I have an std::vector of matrices of different sizes and I am going to calculate the square of every matrix. I have two solutions :

1/ Flatten all my matrices, and store them in the device as a huge flat array (float *), with indices of beginning and end of each matrix in that array, and use cublas for example to do the squaring.

2/ store the matrices in a thrust::device_vector<float *> and use thrust::for_each to square them.

Clearly the second solution gives more readable code, but does it impact performance?

I think this is (now) just a repeat of a question you already asked .

Assuming the elementwise operation you want to do is something simple like squaring of each element, there should be little difference in performance or efficiency between the two cases.

This is because such an operation will be memory-bound, meaning its performance will be limited by (GPU) memory bandwidth.
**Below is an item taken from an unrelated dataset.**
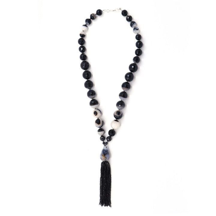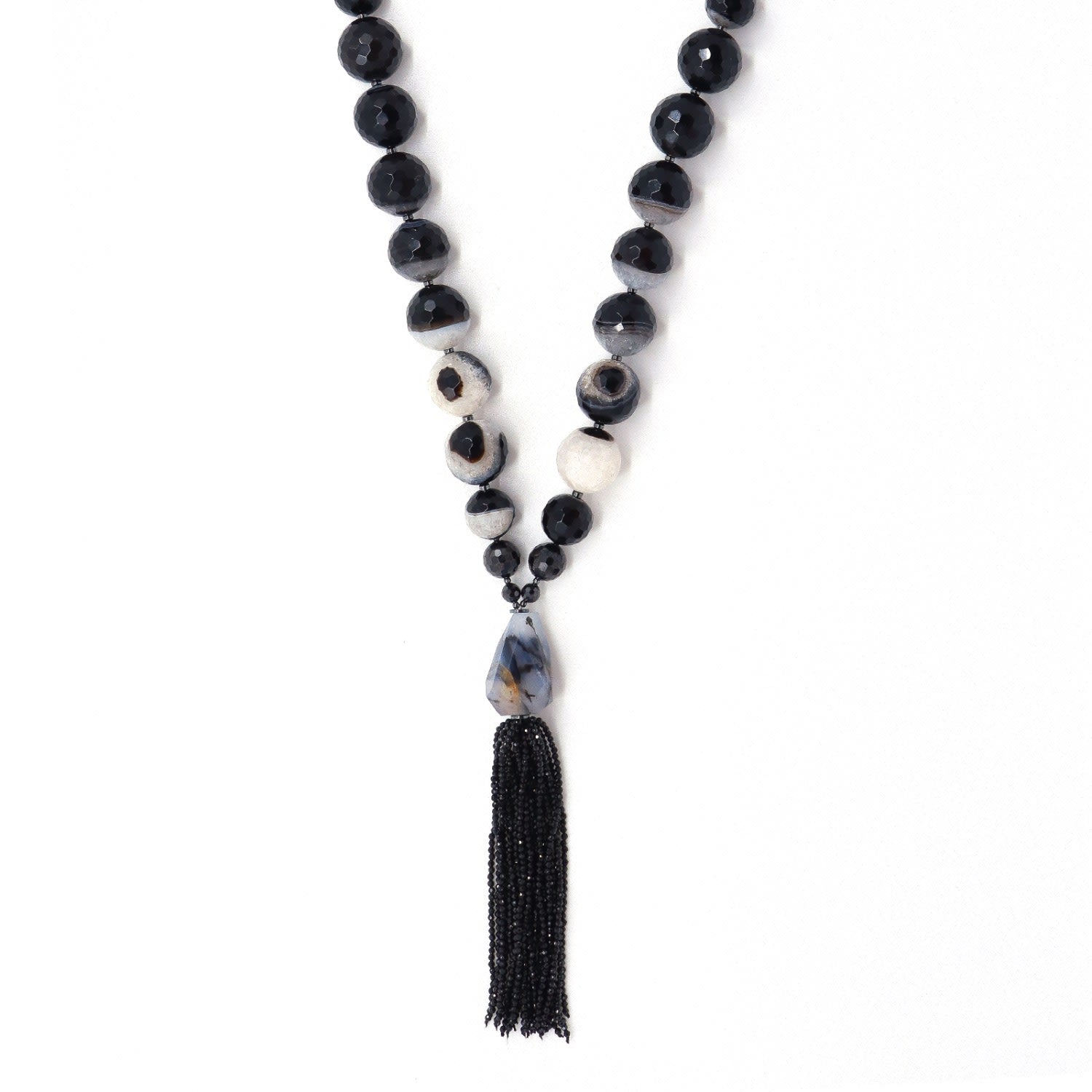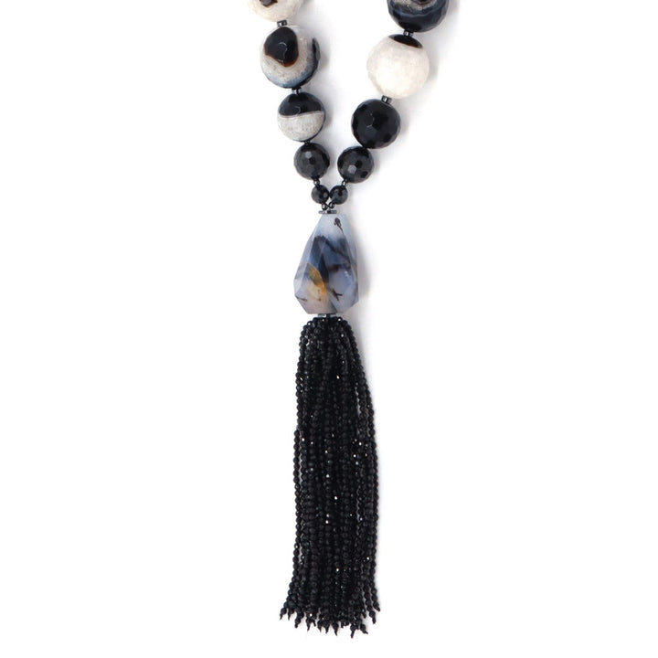 Clear Quartz & Black Agate, Black Cubic Zirconia & Black Spinel Tassel Beaded Necklace

Therefore both realizations will have approximately the same limiter, and approximately the same performance.

Note that in both of your proposals, the data will ultimately need to be effectively "flattened" in the same way (thrust operations cannot be constructed in a typical or simple fashion to operate on a thrust::device_vector<float *> )

If you already have a mix of thrust and CUBLAS, for example, then you could probably use whichever approach suited you. If, on the other hand, your module used only CUBLAS, and you could realize your operation using either CUBLAS or thrust, I'm not sure I would inject thrust just for this one operation. But that's just a matter of opinion.